* _GOAL OF THE EXERCISE_: Every entry below should be reproduced exactly; no picture is to be included.

* _DATA TO USE_:
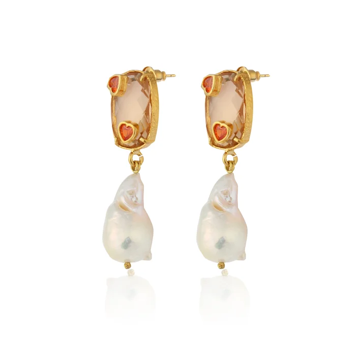 Made of Swarovski stones and baroque pearls Free of nickel, lead and cadmium The earring pins are made of non-allergenic gold-plated 925 silver The earrings are extremely light Measures: Length: 5 cm Approximate weight per earring: 14 g
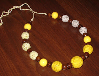 А все началось с необходимости покупки слинга после рождения малыша. В интернете я смогла подобрать самую, на мой взгляд, подходящую и безопасную для ребенка модель. Во время своих поисков я наткнулась на слово "слингобусы". Я понятия не имела, что это такое и для чего оно надо, но любопытство заставило меня все же поискать определение этому слову. Найдя достаточно информации, мне тоже захотелось приобрести эти чудо-бусики, но оказалось, что в детских магазинах их нет, более того, многие продавцы о таком даже не слышали. Я пришла к выводу, что проще найти их в интернете и заказать. И тут очередная проблема... ЦЕНА!!! Все понравившиеся мне бусы стоили, мягко сказано, дороговато. Я подумала: неужели я не смогу сама их связать? Стоит попробовать... Как оказалось, подходящих материалов нашлось не очень много, поэтому мои первые слингобусы получились не совсем такими, как хотелось бы. Выбрав время, я зашла в магазин пряжи и фурнитуры, где и приобрела все необходимое - нитки поярче, бусины покрупнее...
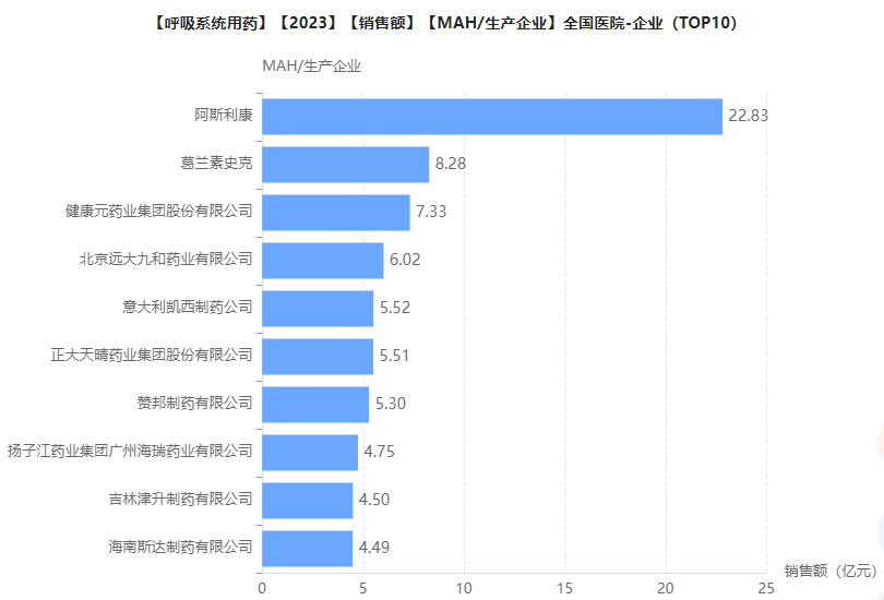 从企业来看,2023年呼吸系统用药市场,阿斯利康以16%的市场份额遥遥领先,其次为GSK、健康元等药企。
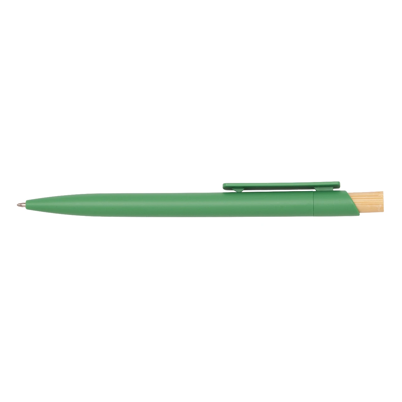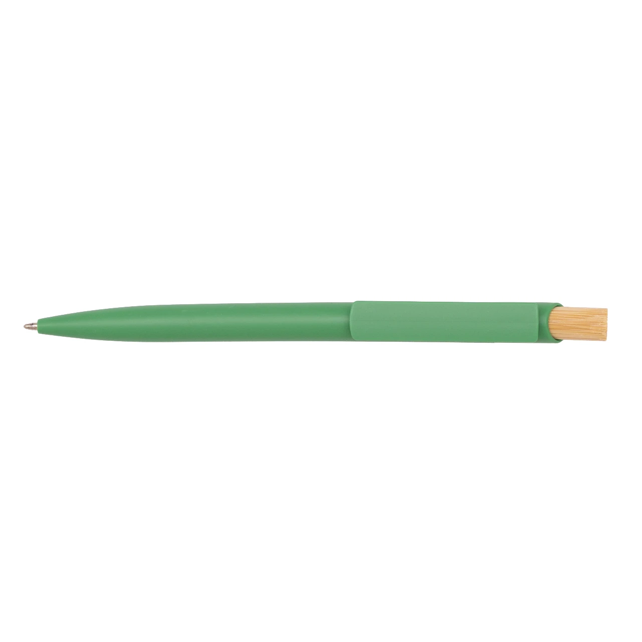 Пластмасова химикалка с широк прав клипс и бамбуков бутон.
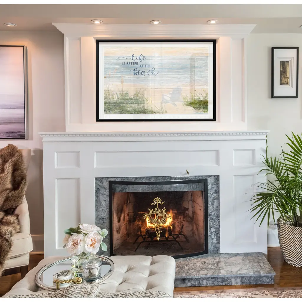 Life is Better at the Beach-Framed Giclee Print A premium framed giclee print Printed using the last archival inks. Each print is carefully printed and framed by hand. Each piece features a 2'' Beveled matt board, acrylic glass and comes ready to hand. 4 SIZES AVILABLE 18''X24''- Overall Size 22''x30''- Overall Size 26''x26''' - Overall Size 30''x42''' - Overall Size ** Overall size may vary slightly from piece to piece Each piece is made to order. Built to Last Each piece comes ready to hang Archival Ink 2'' Matt Board Assembled by hand in the America
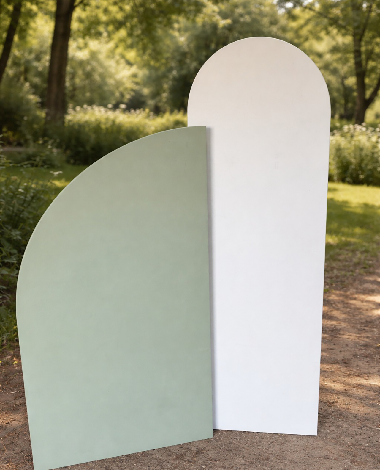 Créez une ambiance douce, moderne et organique avec ce duo de backdrops aux lignes arrondies et aux teintes naturelles. Pensés pour s’intégrer harmonieusement dans des décors extérieurs comme intérieurs, ces panneaux apportent une touche élégante

* _EXERCISE SOLUTION_:
 Made of Swarovski stones and baroque pearls Free of nickel, lead and cadmium The earring pins are made of non-allergenic gold-plated 925 silver The earrings are extremely light Measures: Length: 5 cm Approximate weight per earring: 14 g
 А все началось с необходимости покупки слинга после рождения малыша. В интернете я смогла подобрать самую, на мой взгляд, подходящую и безопасную для ребенка модель. Во время своих поисков я наткнулась на слово "слингобусы". Я понятия не имела, что это такое и для чего оно надо, но любопытство заставило меня все же поискать определение этому слову. Найдя достаточно информации, мне тоже захотелось приобрести эти чудо-бусики, но оказалось, что в детских магазинах их нет, более того, многие продавцы о таком даже не слышали. Я пришла к выводу, что проще найти их в интернете и заказать. И тут очередная проблема... ЦЕНА!!! Все понравившиеся мне бусы стоили, мягко сказано, дороговато. Я подумала: неужели я не смогу сама их связать? Стоит попробовать... Как оказалось, подходящих материалов нашлось не очень много, поэтому мои первые слингобусы получились не совсем такими, как хотелось бы. Выбрав время, я зашла в магазин пряжи и фурнитуры, где и приобрела все необходимое - нитки поярче, бусины покрупнее...
 从企业来看,2023年呼吸系统用药市场,阿斯利康以16%的市场份额遥遥领先,其次为GSK、健康元等药企。
 Пластмасова химикалка с широк прав клипс и бамбуков бутон.
 Life is Better at the Beach-Framed Giclee Print A premium framed giclee print Printed using the last archival inks. Each print is carefully printed and framed by hand. Each piece features a 2'' Beveled matt board, acrylic glass and comes ready to hand. 4 SIZES AVILABLE 18''X24''- Overall Size 22''x30''- Overall Size 26''x26''' - Overall Size 30''x42''' - Overall Size ** Overall size may vary slightly from piece to piece Each piece is made to order. Built to Last Each piece comes ready to hang Archival Ink 2'' Matt Board Assembled by hand in the America
 Créez une ambiance douce, moderne et organique avec ce duo de backdrops aux lignes arrondies et aux teintes naturelles. Pensés pour s’intégrer harmonieusement dans des décors extérieurs comme intérieurs, ces panneaux apportent une touche élégante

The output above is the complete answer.